Leslie's Voice

Allies, Calling Out Your Own Straightness During #Pride Isn’t Helping

rainbow balloons spell out "PRIDE" over a crowd at an outdoor event

Don’t say “I’m not queer, but I’m an ally.”

One of the best things about June is how social media becomes a rainbow-covered confection for #Pride. Queer folk and allies alike celebrate the strengths of LGBTQ+ people in our community, showcasing their solidarity by change their profile pictures, post cute rainbow GIFs, and tell stories about queerness, coming out, influential queer folk (historically and contemporarily), and—of course—how much work there still is to be done.

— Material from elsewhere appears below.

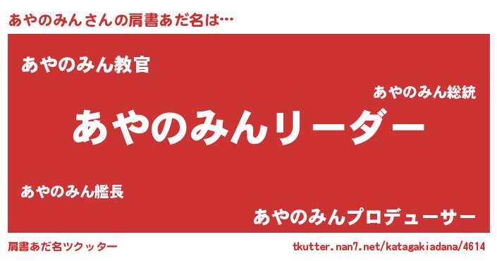 | 胡散臭い通販商品みたいなあだ名 | 『信頼と実績のペンダント…その名も「あやのみん」』 |
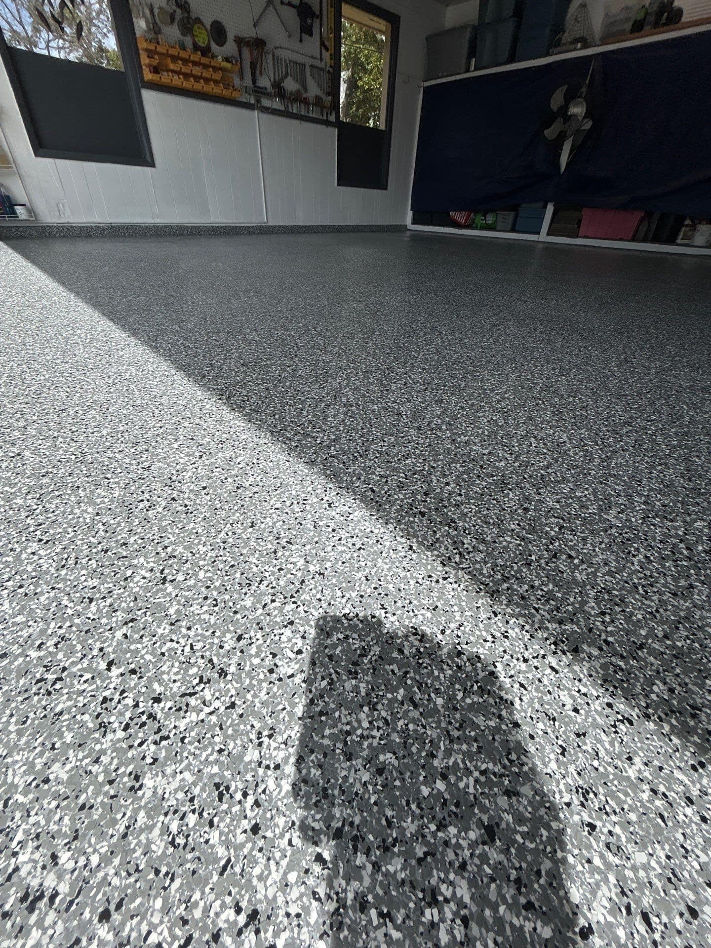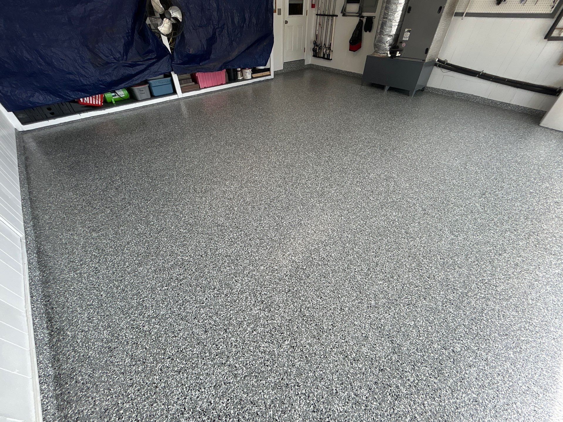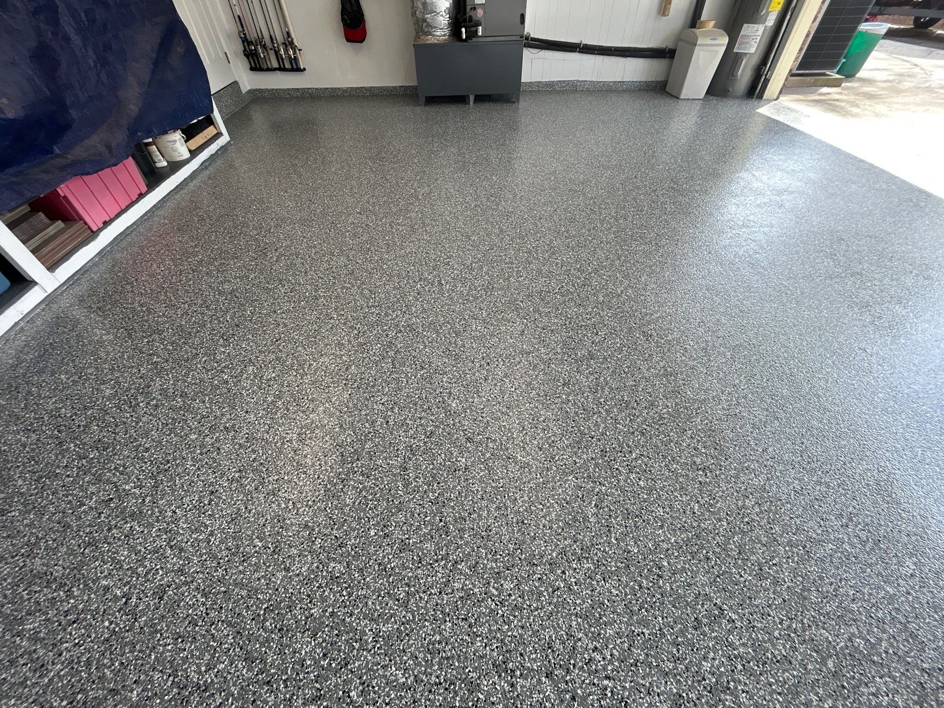 To ensure a flawless result, we began by grinding away the existing coating, creating a clean, properly prepared surface for optimal adhesion. The system was then built with a high-performance polyurea base coat, followed by a full flake broadcast for complete coverage, and finished with a durable polyaspartic topcoat for long-lasting protection.

While most of this is heartwarming and invigorating, many queer folk—including myself—are becoming increasingly annoyed with #Pride posts on social media that say things like “I may not be gay, but love is love is love,” or “I’m straight, but support the queer agenda,” or “I’m not trans*, but I’m an ally.”

Why is this a problem?

Allied friends and family, we know you love us and want to support us. And a lot of you also want to make sure you’re being respectful of not appropriating queer culture, which is a wonderful sentiment, especially in the wake of big corporations repackaging our culture and selling it back to us without giving back to the community. We see you and appreciate your efforts.

However, when you call out your own straightness (or your own cisgenderedness) in the same breath as saying you support queer folk, it feels like a backhanded compliment seasoned with a bit of superiority. It feels like you’re they’re saying “I’m not one of you, but I support you.”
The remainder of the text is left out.